Writer Laurie Garrett once wrote, “Public health is a negative. When it is at its best, nothing happens: There are no epidemics.”

Public health advocates have long been faced with a communication challenge—how can we communicate the seriousness of acting when “nothing happens”?

COVID-19 was temporarily subdued by the decisive action of Gov. David Ige to shut down the state and restrict inbound travelers with a 14-day quarantine. After three months, Hawaii briefly returned to this stage of “nothing happening” with only a handful of cases each day.

That is, of course, before the most recent spike. Something appears to be happening.

Meanwhile, our tourist-dependent economy has been devastated, our state is in dire financial straits. The lines for unemployment services, food, health insurance, mental health services, and all kinds of assistance stretch on. People are suffering.

Let’s be clear. This state had no other choice but to go with the mass shutdown and quarantine measures because cases were skyrocketing back in March. At a wildfire spread, our hospitals could have been overwhelmed with cases. Fortunately, we live in an island state where shutdown lends to a natural extinguishing of the virus.

Now, we again face a critical juncture. What should the state do in light of the recent spikes of double-digit cases? How quickly should the state lift the shutdown measures? Are we adequately reinforcing our most important tool in our Epidemic Prevention Toolkit: Testing-Contact Tracing-Quarantine strategy?
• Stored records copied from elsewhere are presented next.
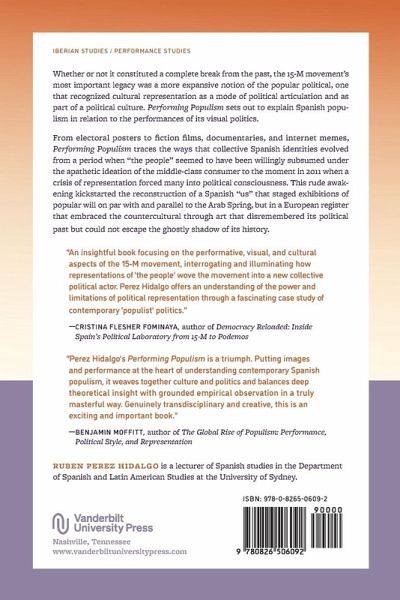 Whether or not it constituted a complete break from the past, the 15-M movement's most important legacy was a more expansive notion of the popular political, one that recognized cultural representation as a mode of political articulation and as part of a political culture. In an effort to understand the populist cycle inaugurated by 15-M, and to do so beyond a series of narrated events, Performing Populism sets out to explain Spanish populism in relation to the performances of its visual politics. The book's first part examines how the 15-M movement created a new way of seeing that in turn led to a new way of doing politics in Spain. Part Two focuses on the multiple ramifications of that new vision once the people stopped marching and the movement became less visible. From electoral posters to fiction films, documentaries, and internet memes, Performing Populism traces the ways that collective Spanish identities evolved from a period when "the people" seemed to have been willingly subsumed under the apathetic ideation of the middle-class consumer to the moment in 2011 when a crisis of representation forced many into political consciousness. This rude awakening kickstarted the reconstruction of a Spanish "us" that staged exhibitions of popular will on par with and parallel to the Arab Spring, but in a European register that embraced the countercultural through art that disremembered its political past but could not escape the ghostly shadow of its history.
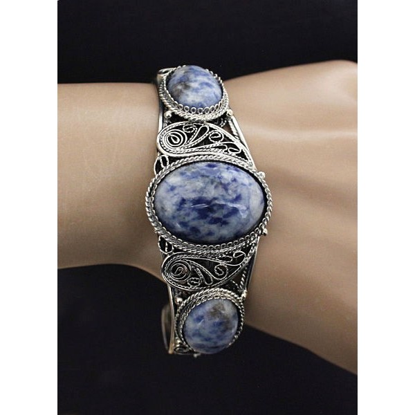 Браслет из лазурита бело-синего, филигрань, ручная работа, камень овал 25х18мм, овал 18х13мм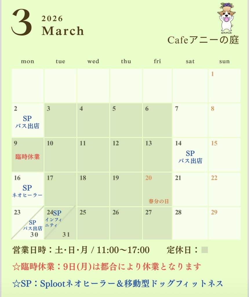 3月のCafe営業カレンダーです。詳しくは「こちら」をクリックしてください。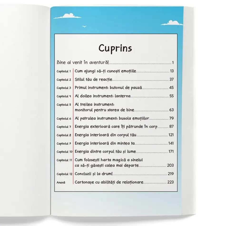 Astfel, copiii cu vârsta cuprinsă între 8 și 12 ani vor ști să lucreze cu 4 instrumente importante: butonul de pauză, lanterna, monitorul pentru starea de bine și busola emoțiilor. Mai mult decât atât, vor deprinde moduri de a-și găsi calea mai departe, spre încrederea în sine.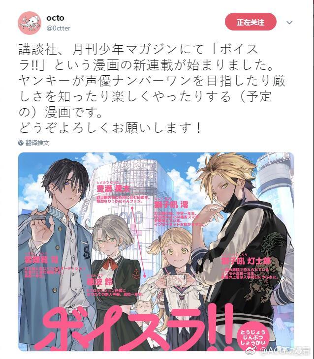 Octo(宝井理人)新作「ボイスラ!!」将于月刊少年Magazine开始连载!

This latter strategy is what Taiwan has called its “precision” epidemic prevention tool—as opposed to a medieval “mass shutdown” tool, effective but painfully costly to our state. Will our state avoid another shutdown? What are the trade offs between COVID-19 care and other health care, between human lives and economic recovery?

These kinds of questions prompted us to form the Hawaii Pandemic Applied Modeling (HiPAM) Work Group. We are a group of applied epidemiologists, data scientists, and health professionals who want to help the state tackle these tough questions—which have only bad or worse outcomes, no good ones.

We face a new virus and our understanding of its biological features is constantly changing. No one expert or authority can presume to have complete expertise. We must draw on a broad base of thoughts and ideas but also thoughtfully use “data” and “evidence” in the face of many known unknowns and unknown unknowns.

As a community, we know better than others who we are and what we do. While we seek support from outside the state, only we can make the best decisions for ourselves. To do that, we need to come together in an inclusive and unified way—bringing everyone to the table and channeling our collective knowledge and manaʻo. Such an approach creates transparency and accountability, one that can be strengthened with mutual gratitude, respect, and trust.

We cannot dismiss others’ knowledge. We must welcome and include other voices to the table in order to be more effective.